* [Exercise objective] Print, exactly as they appear in the listing below, the lines from the line with "With its sleek" to the line with "DARDIK Atraumatic Multi-Purpose", with both end lines kept.

* [Material to process]
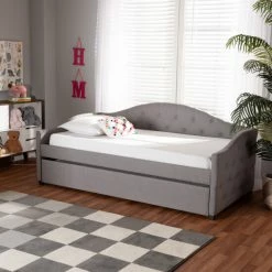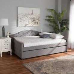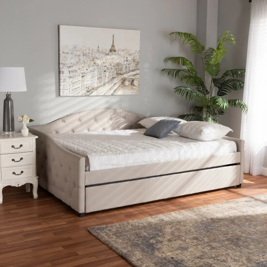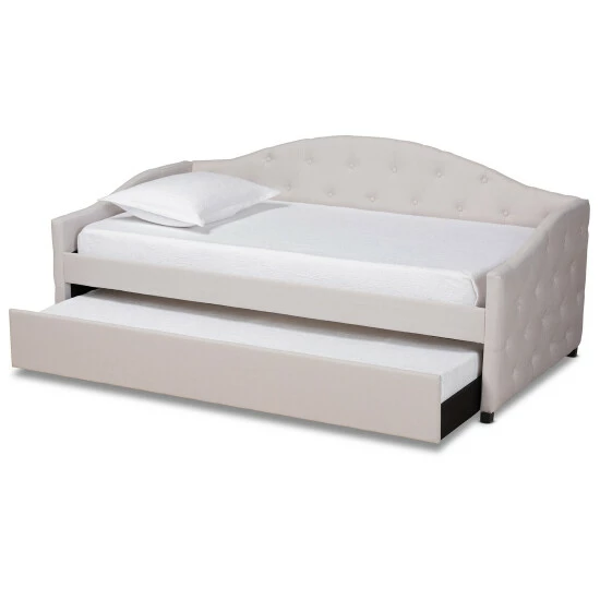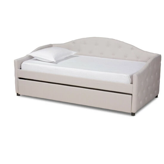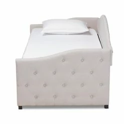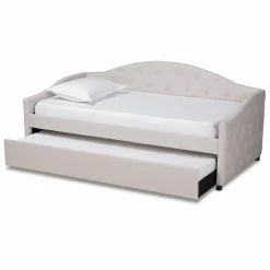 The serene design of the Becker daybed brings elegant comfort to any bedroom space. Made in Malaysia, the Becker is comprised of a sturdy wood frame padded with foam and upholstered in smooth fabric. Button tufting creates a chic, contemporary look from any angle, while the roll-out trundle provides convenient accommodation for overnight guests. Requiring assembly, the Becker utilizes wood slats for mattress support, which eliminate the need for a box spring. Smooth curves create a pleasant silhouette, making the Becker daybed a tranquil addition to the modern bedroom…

* * *

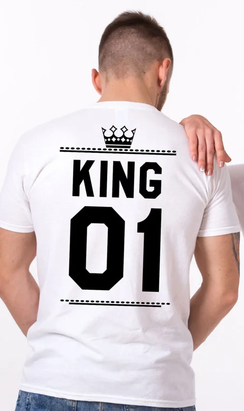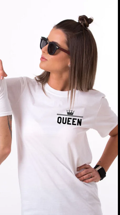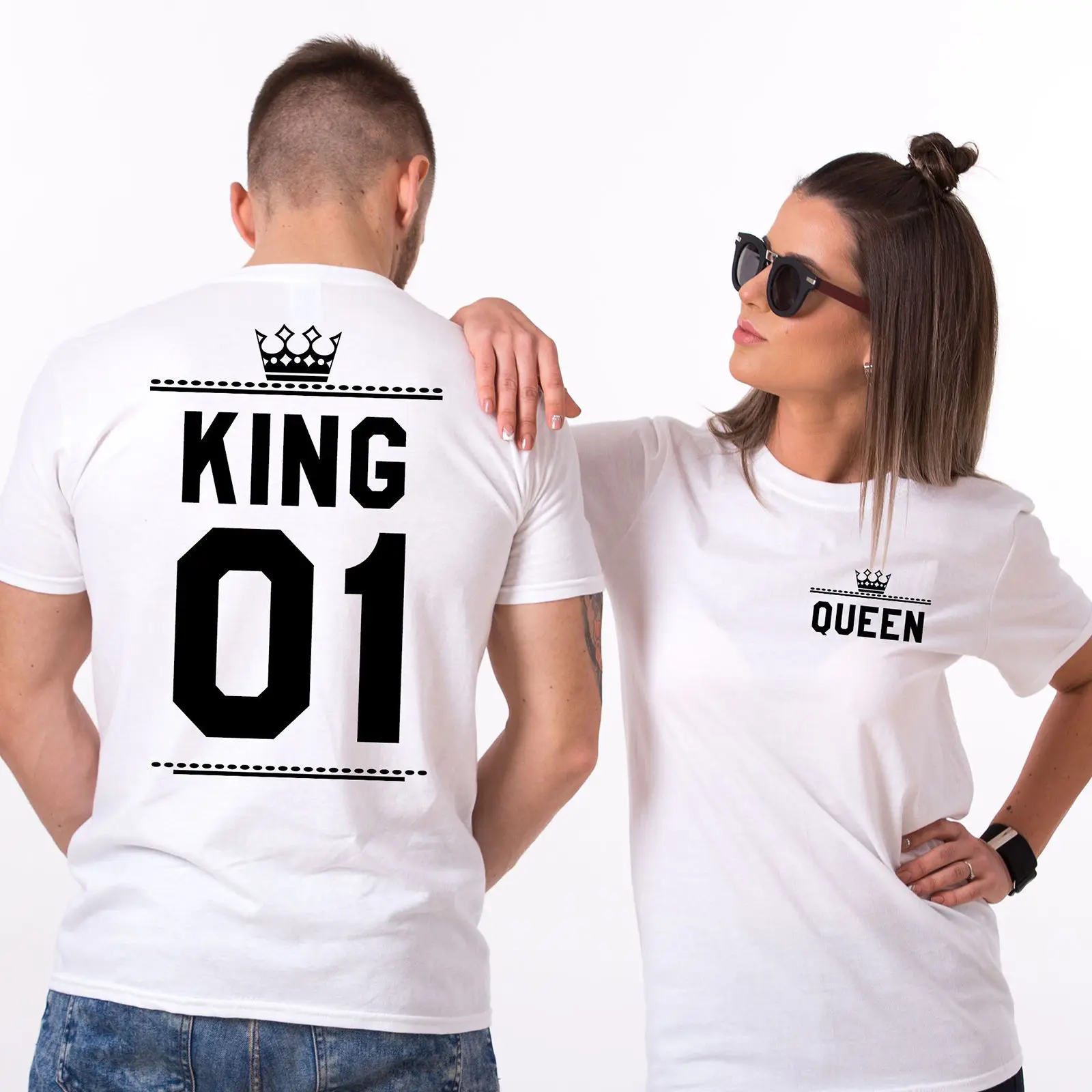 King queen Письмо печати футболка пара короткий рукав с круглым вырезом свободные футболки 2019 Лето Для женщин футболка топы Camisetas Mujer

---

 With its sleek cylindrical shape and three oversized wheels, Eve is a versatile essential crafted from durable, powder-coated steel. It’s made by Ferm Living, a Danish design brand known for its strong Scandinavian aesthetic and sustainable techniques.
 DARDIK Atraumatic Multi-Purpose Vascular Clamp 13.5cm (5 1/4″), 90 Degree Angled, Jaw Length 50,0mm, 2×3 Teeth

* [Output below]
 With its sleek cylindrical shape and three oversized wheels, Eve is a versatile essential crafted from durable, powder-coated steel. It’s made by Ferm Living, a Danish design brand known for its strong Scandinavian aesthetic and sustainable techniques.
 DARDIK Atraumatic Multi-Purpose Vascular Clamp 13.5cm (5 1/4″), 90 Degree Angled, Jaw Length 50,0mm, 2×3 Teeth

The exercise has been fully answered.